Malgré tout, très peu d’étudiants font appel au PAMQ. L’an dernier, sur toutes les demandes d’aide au programme, seulement 2 % provenaient de cette clientèle. Depuis le début de la pandémie, le nombre de demandes d’aide a connu une hausse significative chez les médecins de famille et les spécialistes, mais a stagné chez les étudiants. 

La Dre Brien y voit deux raisons: certaines universités offrent des services d’aide et le PAMQ est peu connu des étudiants. 

« Nous avons fait des efforts pour présenter nos services dans les facultés, notamment avec une vidéo que nous avons produite.
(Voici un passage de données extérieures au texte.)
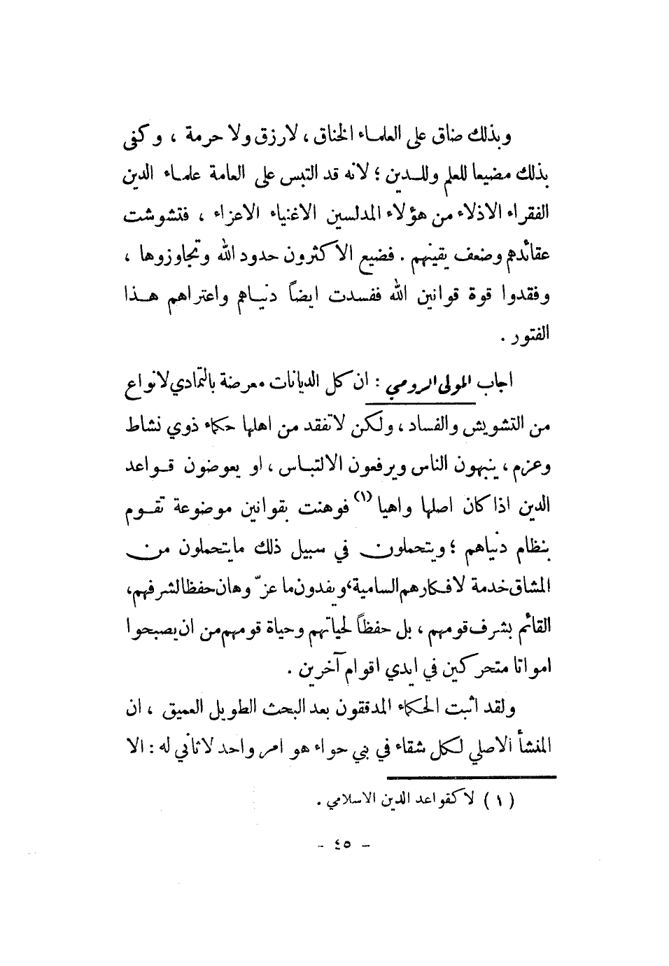 أجَاب الْمولى الرُّومِي: أَن كل الديانَات معرضة بالتمادي لأنواع من التشويش وَالْفساد، وَلَكِن لَا تفقد من أَهلهَا حكماء ذَوي نشاط وعزم، ينبهون النَّاس ويرفعون الالتباس، أَو يعوضون قَوَاعِد الدّين إِذا كَانَ أَصْلهَا واهيا فوهنت بقوانين مَوْضُوعَة تقوم بنظام دنياهم؛ ويتحملون فِي سَبِيل ذَلِك مَا يتحملون من المشاق خدمَة لأفكارهم السامية، ويفدون مَا عز وَهَان حفظا لشرفهم، الْقَائِم بشرف قَومهمْ، بل حفظا لحياتهم وحياة قَومهمْ من أَن يصبحوا أَمْوَاتًا متحركين فِي أَيدي أَقوام آخَرين.

Mais, je crois qu’il faut y retourner afin que les étudiants sachent qu’on peut leur rendre des services ».

Un registre sur le suicide des médecins 

Par ailleurs, la Dre Marie-Chantale Brien prône la tenue d’un registre national sur le suicide des médecins afin de mieux cerner le problème, comme cela existe aux États-Unis, par exemple. « Nous aurions des statistiques plus claires. Actuellement, nous sommes obligés de nous baser sur des études effectuées sur des médecins américains ou européens », mentionne-t-elle.   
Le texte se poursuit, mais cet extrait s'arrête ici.